WORK INSTRUCTION: Could the lines from the start of the data through the line with "- changed traffic" be set down exactly, with no pictures among them?

STORED DATA:

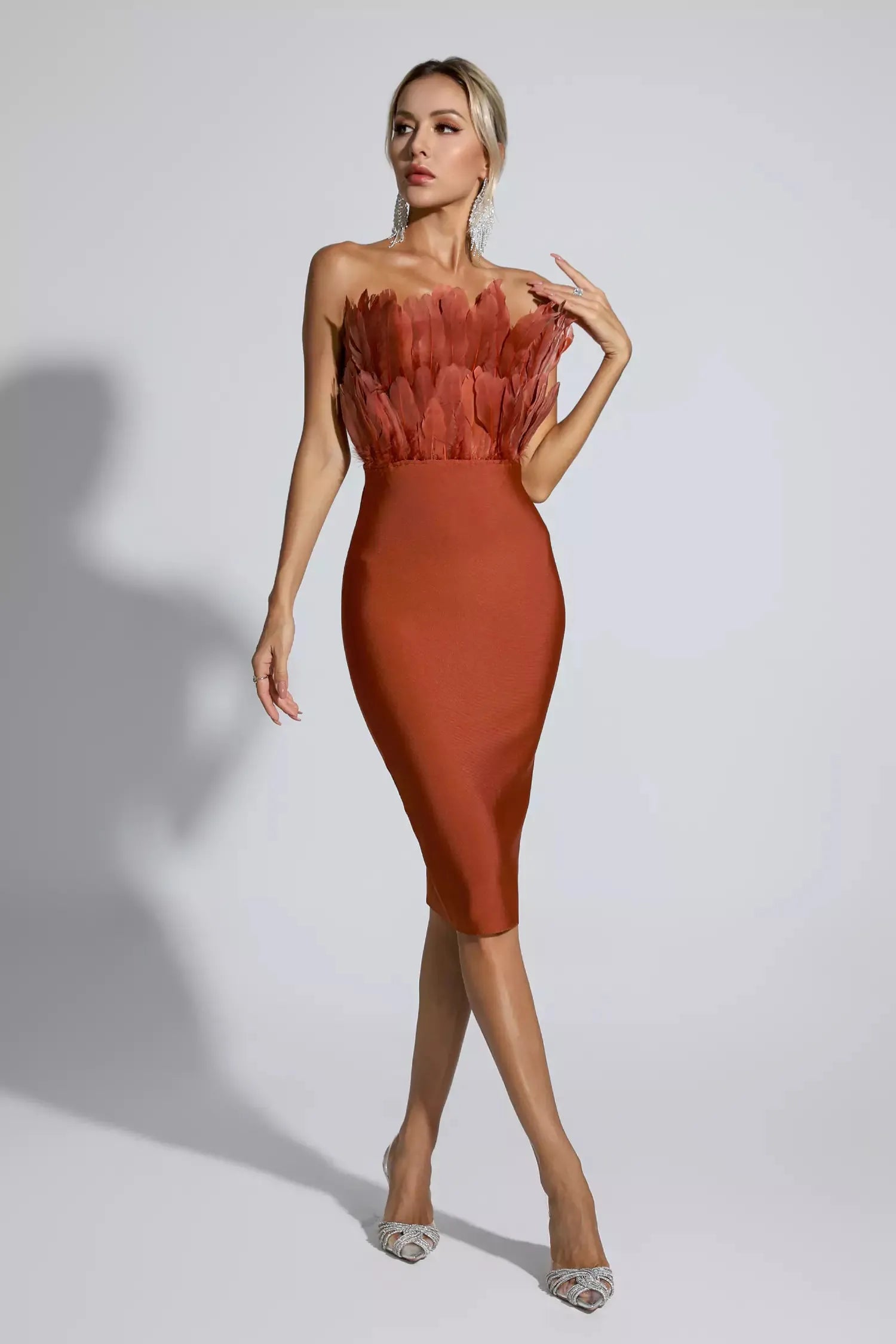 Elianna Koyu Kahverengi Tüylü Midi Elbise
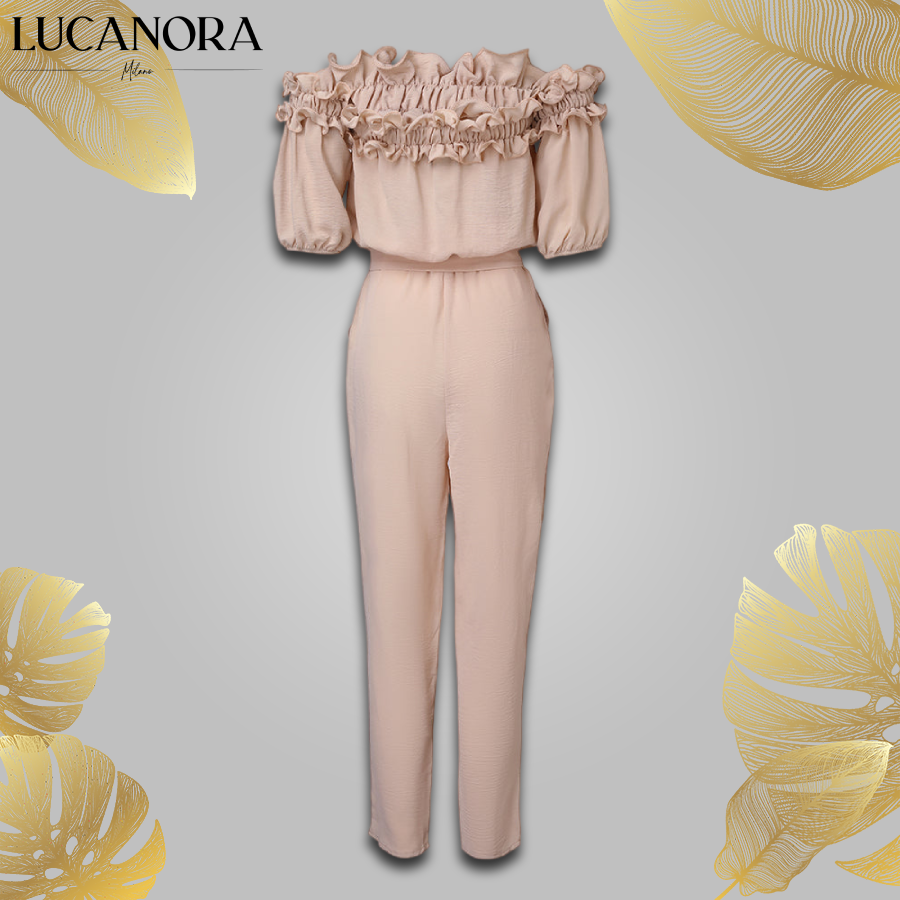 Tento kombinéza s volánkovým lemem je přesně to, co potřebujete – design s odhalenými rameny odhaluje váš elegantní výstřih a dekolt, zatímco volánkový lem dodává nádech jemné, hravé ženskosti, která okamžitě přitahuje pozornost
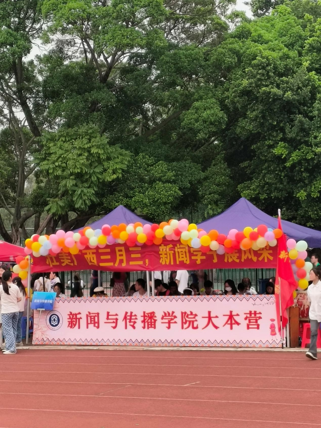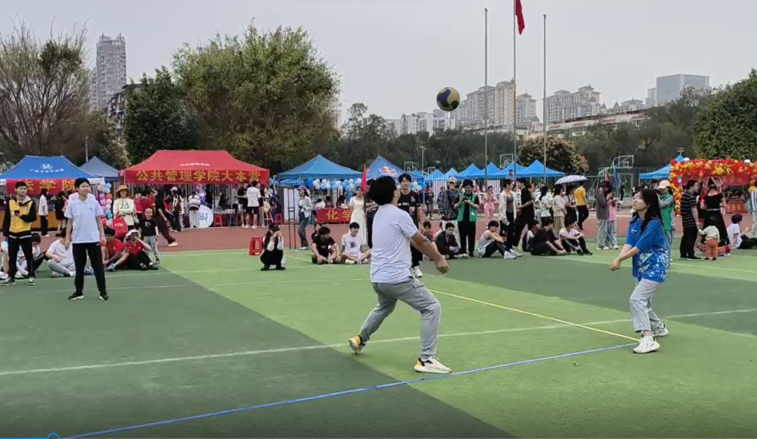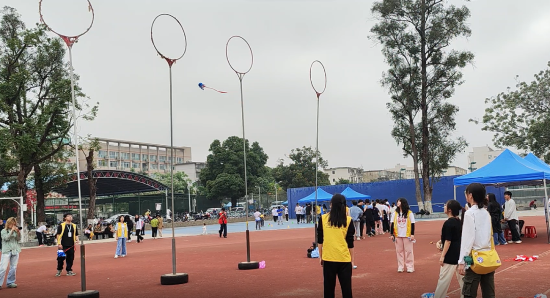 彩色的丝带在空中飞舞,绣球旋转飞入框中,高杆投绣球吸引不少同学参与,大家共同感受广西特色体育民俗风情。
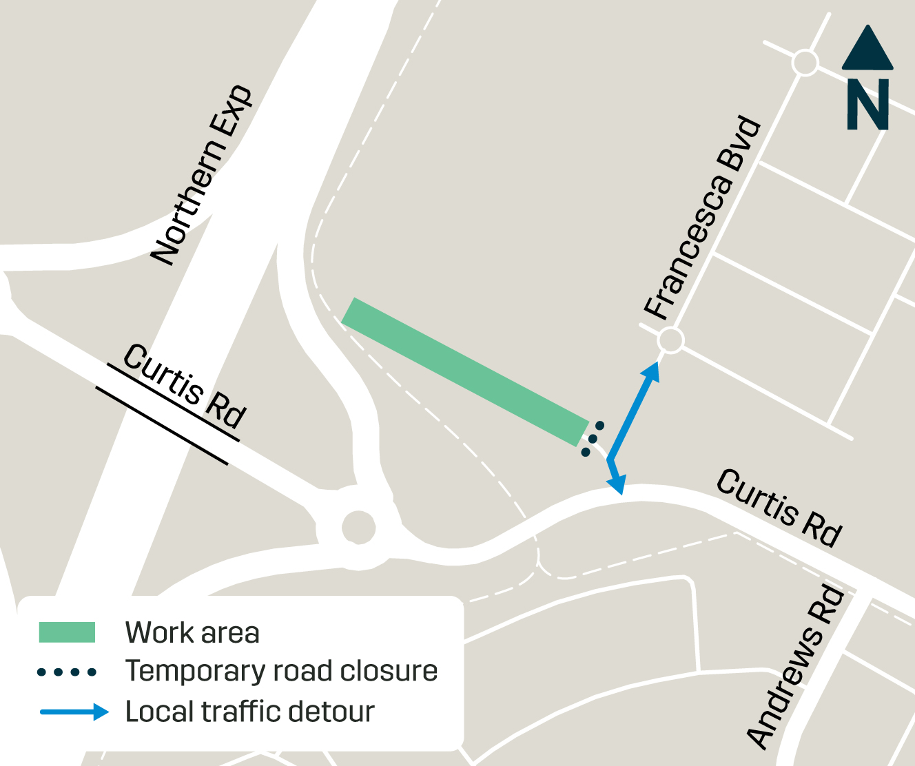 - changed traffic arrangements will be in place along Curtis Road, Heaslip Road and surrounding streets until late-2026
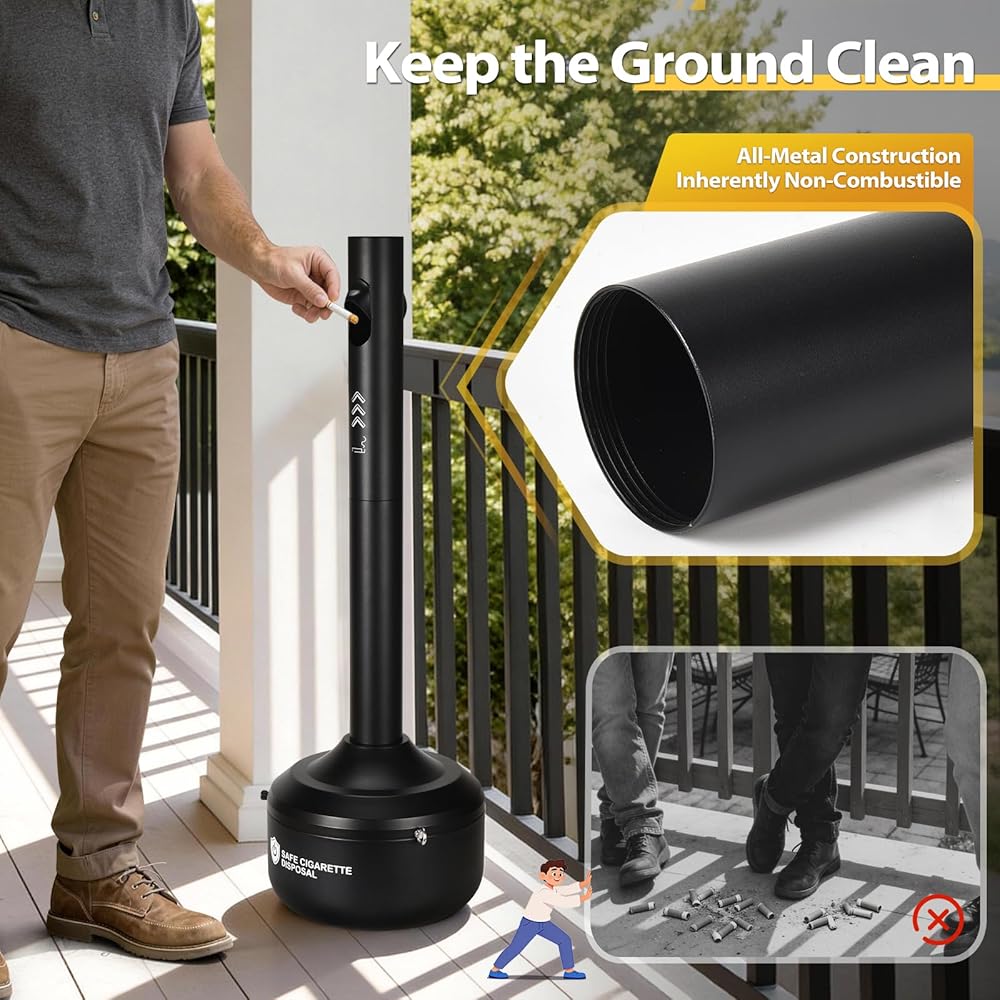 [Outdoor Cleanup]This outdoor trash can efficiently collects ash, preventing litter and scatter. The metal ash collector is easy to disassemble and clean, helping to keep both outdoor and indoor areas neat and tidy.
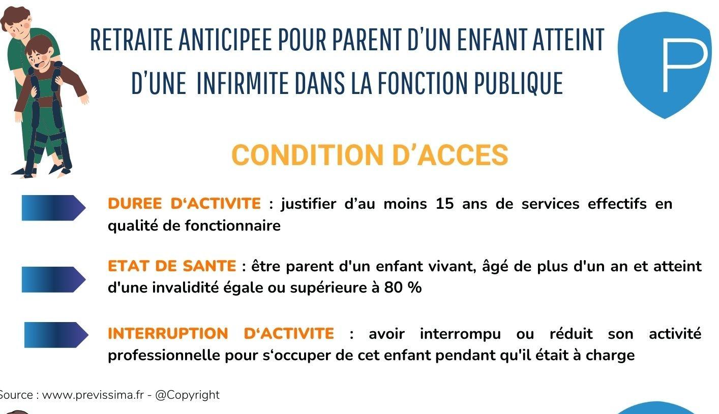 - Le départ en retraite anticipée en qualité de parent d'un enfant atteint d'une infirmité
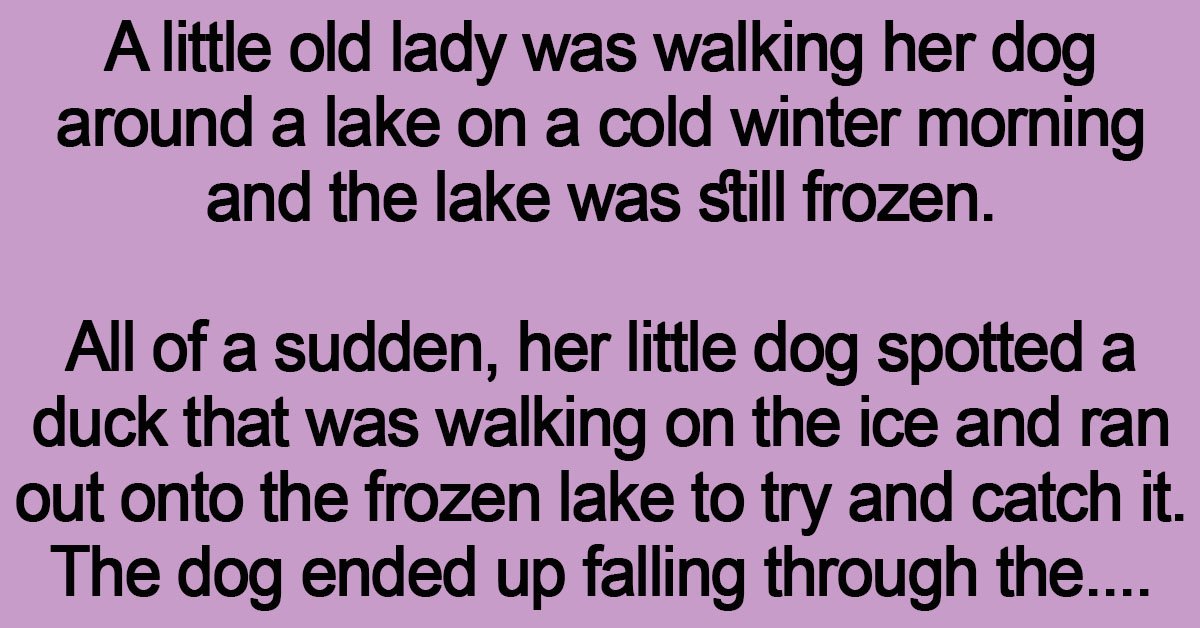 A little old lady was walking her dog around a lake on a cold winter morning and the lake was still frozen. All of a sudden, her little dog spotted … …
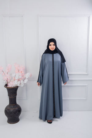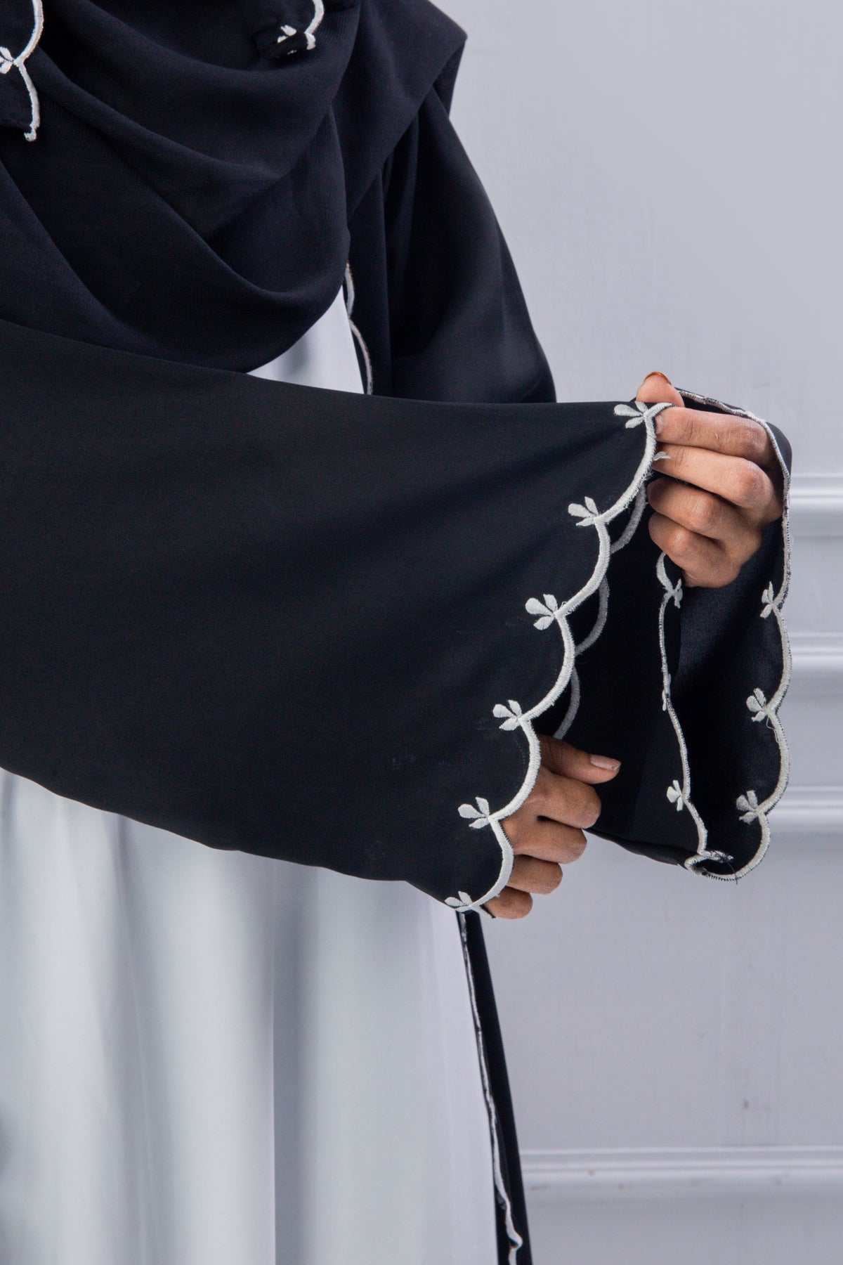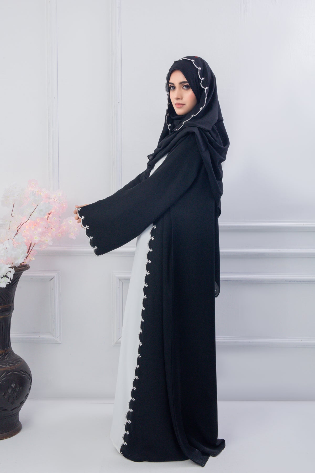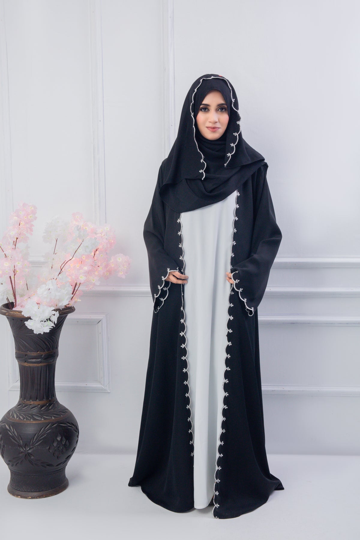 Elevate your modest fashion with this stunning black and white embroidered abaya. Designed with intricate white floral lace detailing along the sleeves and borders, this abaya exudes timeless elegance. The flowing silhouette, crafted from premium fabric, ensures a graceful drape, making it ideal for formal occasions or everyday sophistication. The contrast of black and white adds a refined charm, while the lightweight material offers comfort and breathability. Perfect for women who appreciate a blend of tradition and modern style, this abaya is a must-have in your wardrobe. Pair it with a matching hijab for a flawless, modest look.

YOUR RESPONSE:
 Elianna Koyu Kahverengi Tüylü Midi Elbise
 Tento kombinéza s volánkovým lemem je přesně to, co potřebujete – design s odhalenými rameny odhaluje váš elegantní výstřih a dekolt, zatímco volánkový lem dodává nádech jemné, hravé ženskosti, která okamžitě přitahuje pozornost
 彩色的丝带在空中飞舞,绣球旋转飞入框中,高杆投绣球吸引不少同学参与,大家共同感受广西特色体育民俗风情。
 - changed traffic arrangements will be in place along Curtis Road, Heaslip Road and surrounding streets until late-2026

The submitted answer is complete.